I ran a quick test against 3.2.1 and I couldn't reproduce the difference, both HTTP and FlightSQL are roughly on par and a lot of the times FlightSQL is quicker. I'm running in a non-containerized env on Linux though, I can switch to the exact 3.0.0 revision 5aed0d9d2cb1cba948f77869ff506230b2d0d668 running within docker and try it again but it's probably beneficial to run against the most recent release anyway to see if you are still experiencing the perf difference.
@jules-ch - I've ran your script instead of queries directly and I've managed to reproduce the issue. I just wanted to clarify if this is something that you've done intentionally, in your http call you seem to print the time as soon as you get the status but not await the json response.

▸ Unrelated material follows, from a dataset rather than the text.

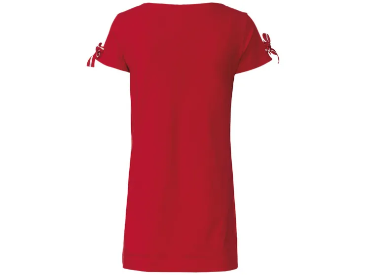 - Rood: met ronde hals en modieuze sierbandjes aan de mouwafsluiting
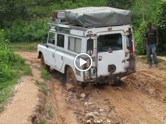 Ndoto had been nicely straddling an eroded ditch (a ditch deep enough to resemble a mechanic’s bay) in the center of the road when one wall suddenly collapsed inward dropping the passenger side of the Landy three feet down into the rut. Ndoto was in a rut so deep that the right front tire was completely up in the air and the back wheel was splayed out at such a weird angle that I thought we were done for good. No tow truck was coming to rescue us here. As we scrabbled our way out of the vehicle to survey the situation people began appearing from the nearby village. They wanted to help but they wanted money first.  Much discussion in French ensued with Scott interjecting, “First dig, then pay, see?” every few minutes. Once again I felt a little nervous. So many people surrounding Ndoto with her skirt up. And I was frustrated. Why all the talking when we were just getting more bogged by the minute? “Okay! I’ll do it myself,” I announced to the crowd and I began carrying stones and chucking them under the car near the tires. Dead silence. Africans can’t stand to see a muzungu woman toiling while they stand idle. Scott said, “Tris if you would just sit on the hood on the driver's side I think we can drive out of here.” It was at this moment that the Prado rambled up and stopped. I tossed another stone under the car and walked over to the occupants – four well-dressed Burundians on their way to Bujumbura. “Bonjour. Ca va? Parlez vous Anglais?” I asked. Their English was perfect. Ever the optimist I asked, “How is the road in the direction you have come?”

async def v3_http_call(query: str):
influxdb_url = "http://127.0.0.1:8181"
headers = {
"Authorization": f"Bearer {TOKEN}",
"accept": "application/json",
"Content-Type": "application/json",
}
content = json.dumps(
{
"db": "location",
"q": query,
"format": "json",
},
)
async with aiohttp.ClientSession(headers=headers) as session:
start_time = time.perf_counter()
async with session.post(
influxdb_url + "/api/v3/query_sql", data=content
) as response:
print("Status:", response.status)
print(time.perf_counter() - start_time, "s") # <---- this print seems to be before you get the json body
response = await response.json()
When you compare that with flight call, you're measuring the time after table = reader.read_all(). I'm not sure if it is a fair comparison if one is measured after reading all the data and other is before reading the response. If I move the timer print statement in v3_http_call function after waiting for the response I get the following as result,
SQL query:
--sql
SELECT DISTINCT ON (tid) lat, lon, tid, time
FROM telemetry
WHERE tid IN ('1', '2', '3', '4', '5', '6', '7', '8', '9', '10')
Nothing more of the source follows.